Thu, May 21, 2009 - Page 8 News List

Open letter to Taiwan’s president

Mr President, as international scholars and writers who have followed Taiwan’s impressive transition to democracy during the past two decades, we know the sensitivity in Taiwan of the issue of relations with China. Rapprochement needs to be carried out in a way that ensures that the achievements of the democratic movement are safeguarded, that the political divide within Taiwan is reduced and that Taiwan’s sovereignty, human rights and democracy are protected and strengthened.

However, during the past year we have seen that the policies of your administration are being implemented in a way that is causing deep anxiety, particularly among many who fought for Taiwan’s democracy two decades ago. This was evident in the large-scale rallies held in Taipei and Kaohsiung on Sunday.

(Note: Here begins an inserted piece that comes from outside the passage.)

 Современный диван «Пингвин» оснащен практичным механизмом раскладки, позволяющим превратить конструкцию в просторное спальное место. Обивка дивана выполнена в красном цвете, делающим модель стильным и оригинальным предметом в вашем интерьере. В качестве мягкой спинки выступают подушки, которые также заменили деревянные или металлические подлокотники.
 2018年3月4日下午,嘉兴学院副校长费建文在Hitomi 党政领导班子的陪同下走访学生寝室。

We have also seen a further polarization in society due to the lack of transparency and democratic checks and balances. Many observers believe that the rapprochement with China has occurred at the expense of Taiwan’s sovereignty, democracy and freedoms. To some, the judicial practices and police behavior toward those who criticize your policies are even reminiscent of the dark days of martial law.

In this respect, symbols are important. It does not help that your administration has renamed National Taiwan Democracy Memorial Hall in Taipei back to Chiang Kai-shek Memorial Hall. It doesn’t bolster your case that the funding for the Chingmei Human Rights Memorial in Sindian (新店) has been cut drastically and that the location is being turned into a “cultural” park. It doesn’t help that changes are being made to the Assembly and Parade Act (集會遊行法) that infringe on freedoms of protesters instead of enhancing freedom of speech.

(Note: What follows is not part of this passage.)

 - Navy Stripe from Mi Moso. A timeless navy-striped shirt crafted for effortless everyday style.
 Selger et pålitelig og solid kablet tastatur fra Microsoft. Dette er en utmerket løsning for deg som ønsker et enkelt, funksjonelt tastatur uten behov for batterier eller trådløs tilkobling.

Mr President, we appeal to you to take measures that alleviate these concerns. A first step would be to initiate and implement reforms in the judicial system that safeguard the human rights of the accused and ensure a fair trial. A second step would be to guarantee complete press freedom, and instill in those engaged in the media the determination to live up to the highest standards.

Thirdly, rapprochement with China needs to be brought about in such a way that the people of Taiwan have a full say in determining their future as a free and democratic nation. Closed-door deals that bring Taiwan increasingly into China’s sphere of influence are detrimental to Taiwan’s future and undermine the democratic fabric of society.

Due to its complex history, Taiwan has not had the opportunity to be accepted as a full and equal member of the international family of nations. We believe the people of Taiwan have worked hard for their democracy, and that the international community should accept Taiwan in its midst. Your actions and policies can help the island and its people move in the right direction. We urge you to do so.